Utku "Sobe." Deyip gözlerini açtığında kapalı kaydıraktan gelen gülüşme seslerini duydu. Bunlar kızlar olmalıydı diye düşündü. Hira ve Defne. İlk onları sobelemek istemedi. Kızlar onlar için hep çorbalıklardı. Sanki kendileri çok büyükmüş gibi hep birbirlerini düşünürlerdi. İşte çocuklar bu kadar masum.
Ardından gözü ağacın ordan gölgesi gözüken kıvırcık saçlı küçük arkadaşına ileşti. Rüzgar'a. Gülümsedi. Rüzgar saklanbaç oynamayı çok severdi. Bu yüzden Utku onu hiç sobelemezdi. Her defasında kıvırcık saçlı bir erkek gölgesi görür ve görmezden gelir onu sobelemesine izin verirdi. Yine öyle yaptı ve ağaçtan gözlerini çevirip parkta dolaştırdı.
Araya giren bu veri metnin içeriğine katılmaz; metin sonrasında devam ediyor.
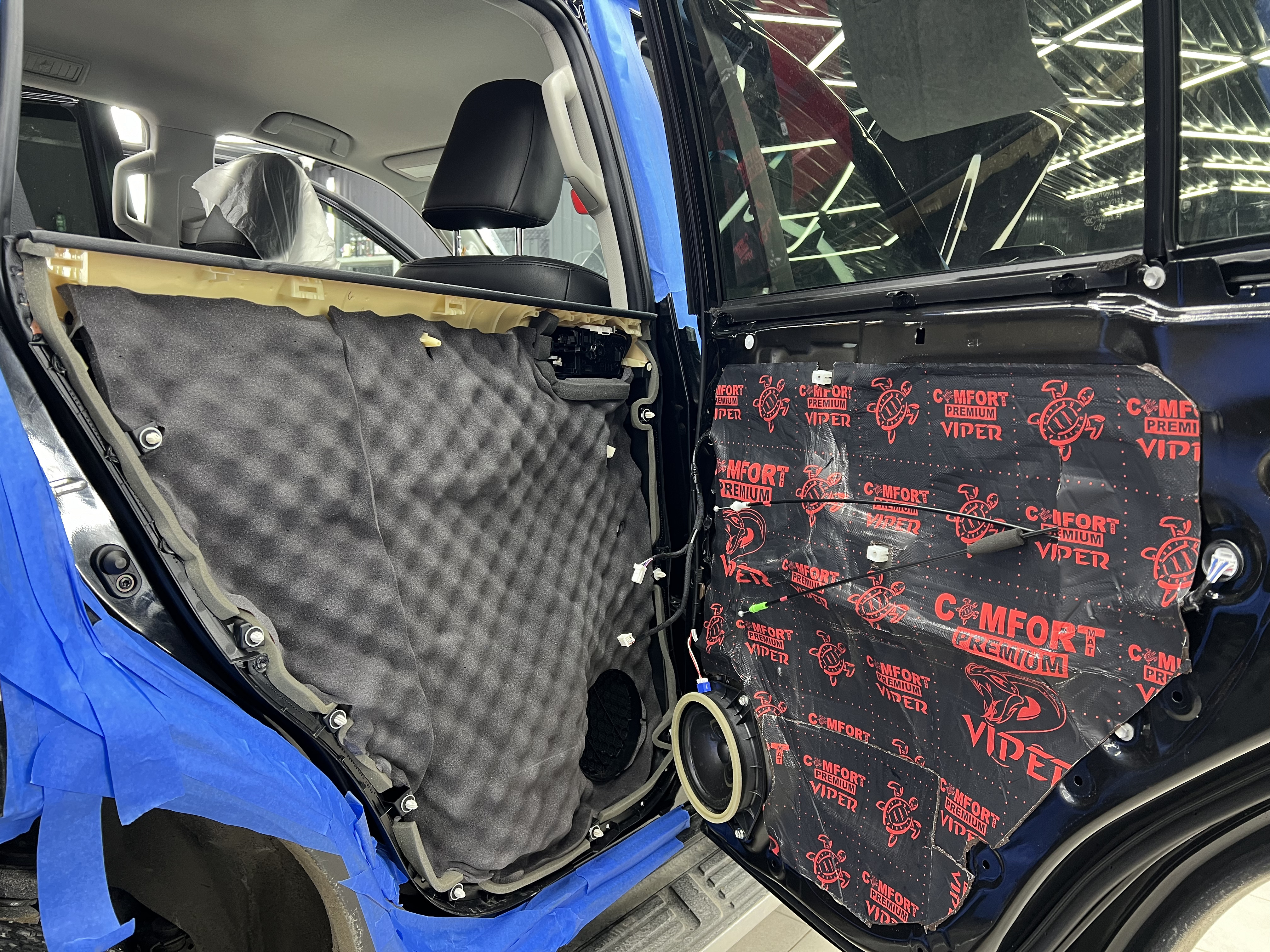 Вторым слоем на все двери уложили Шумоизоляцию Comfort Mat Integra, поглощающую внешние шумы.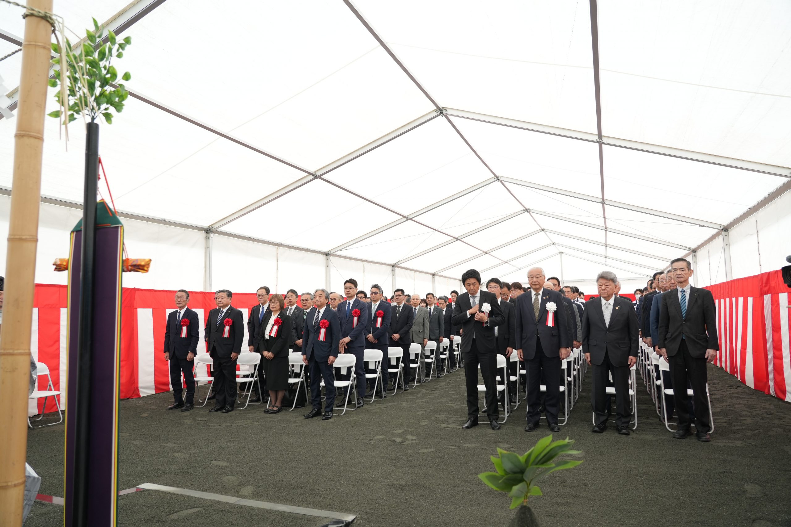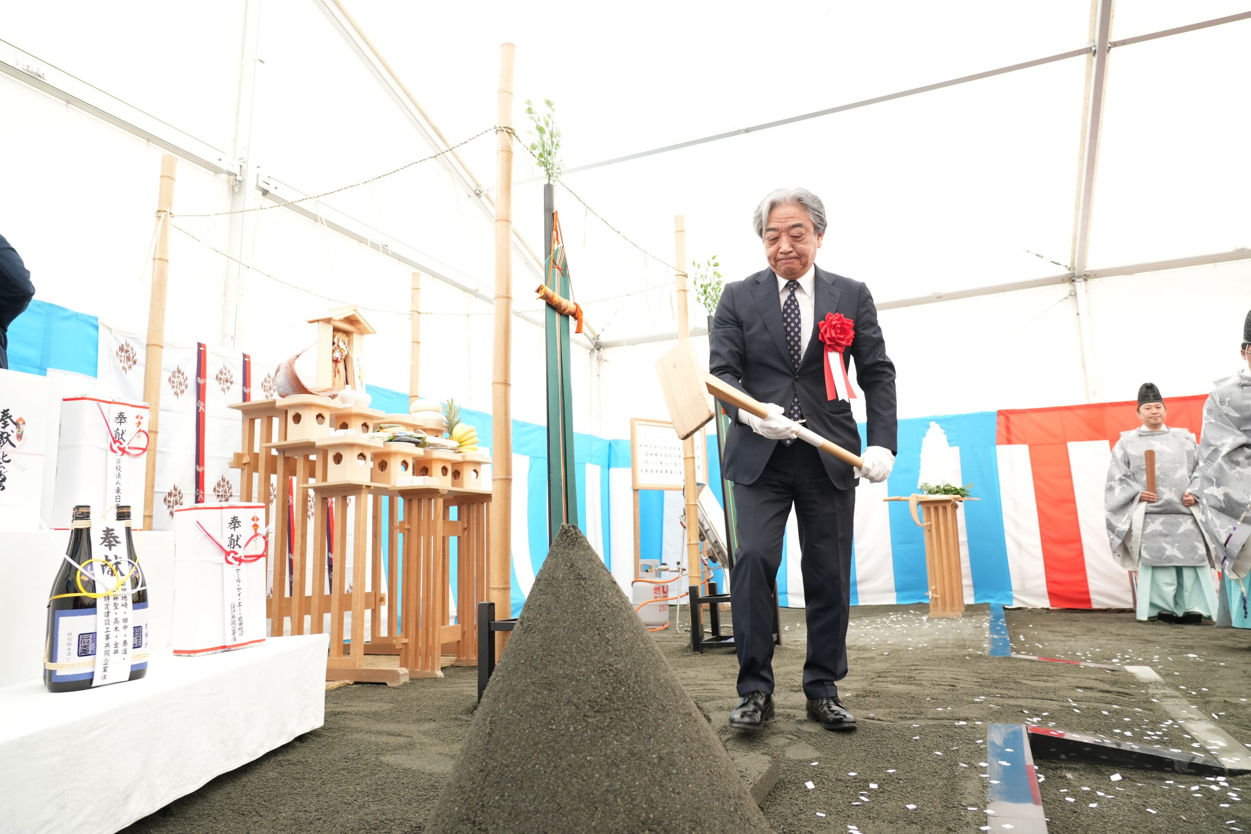 式典では、祝詞奏上、清祓の儀、地鎮行事などが執り行われ、工事の安全と新キャンパス整備の成功を祈願しました。

Gözüne ilişen çöp konteynırına baktı. Orda birileri olabirlirdi. Yavaşca oraya doğru yürümeye başladı. Konteynırın arkasına baktığında kimsenin olmadığını anladı.
O sırada Rüzgar koşarak saklandığı ağacın arkasından çıkıp "Sobee!" Diye bağırdı.
Utku bunu bekliyormuş gibi gülümsedi. Tam çalılıklara doğru yürümeye başlamıştı ki konteynırdan osuruk sesi geldi. Ve ardından Eren'nin sesi.
"Osuruğunun kokusu bok gibi arkadaşım."
Utku büyük bir kahaka patlatıp konteynıra vurup konuştu.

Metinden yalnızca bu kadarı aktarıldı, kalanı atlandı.